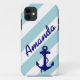 GIRLY BLUE ANCHOR BLUE STRIPES YOUR NAME Case-Mate iPhone CASE
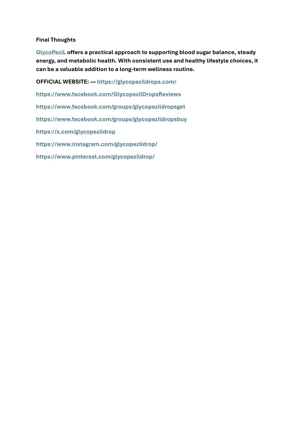 Final Thoughts GlycoPeziLoffers a practical approach to supporting blood sugar balance, steady energy, and metabolic health. With consistent use and healthy lifestyle choices, it can be a valuable addition to a long-term wellness routine. OFFICIAL WEBSITE: —https://glycopezildrops.com/ https://www.facebook.com/GlycopezilDropsReviews https://www.facebook.com/groups/glycopezildropsget https://www.facebook.com/groups/glycopezildropsbuy https://x.com/glycopezildrop https://www.instagram.com/glycopezildrop/ https://www.pinterest.com/glycopezildrop/
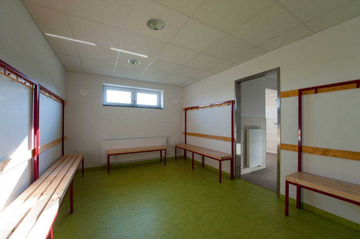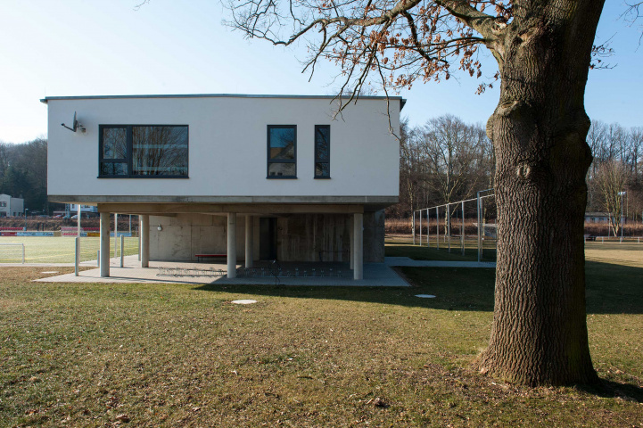 Der Neubau ist in zwei Gebäudeteile gegliedert. Im westlichen Gebäudeteil untergebracht sind Umkleiden und Sanitäreinrichtungen für die Sportler sowie Verwaltungsräume. Im östlichen Gebäudeteil sind ein Vereinsraum incl. öffentlichem Sanitärbereich vorgesehen. Verbunden sind beide Gebäudeteile durch einen offenen Zugang. Über diesen wird das Gebäude erschlossen. Um das Gebäude auch für Rollstuhlfahrer nutzbar zu machen, ist für die Treppe im Zugang ein Treppenlift geplant.

*YOUR GOAL*. Only the lines from the top of the material above down to the line bearing "Final Thoughts GlycoPeziLoffers", that line included, should be set down exactly; no pictures.

*RESPONSE TO THIS TASK*.
 GIRLY BLUE ANCHOR BLUE STRIPES YOUR NAME Case-Mate iPhone CASE
 Final Thoughts GlycoPeziLoffers a practical approach to supporting blood sugar balance, steady energy, and metabolic health. With consistent use and healthy lifestyle choices, it can be a valuable addition to a long-term wellness routine. OFFICIAL WEBSITE: —https://glycopezildrops.com/ https://www.facebook.com/GlycopezilDropsReviews https://www.facebook.com/groups/glycopezildropsget https://www.facebook.com/groups/glycopezildropsbuy https://x.com/glycopezildrop https://www.instagram.com/glycopezildrop/ https://www.pinterest.com/glycopezildrop/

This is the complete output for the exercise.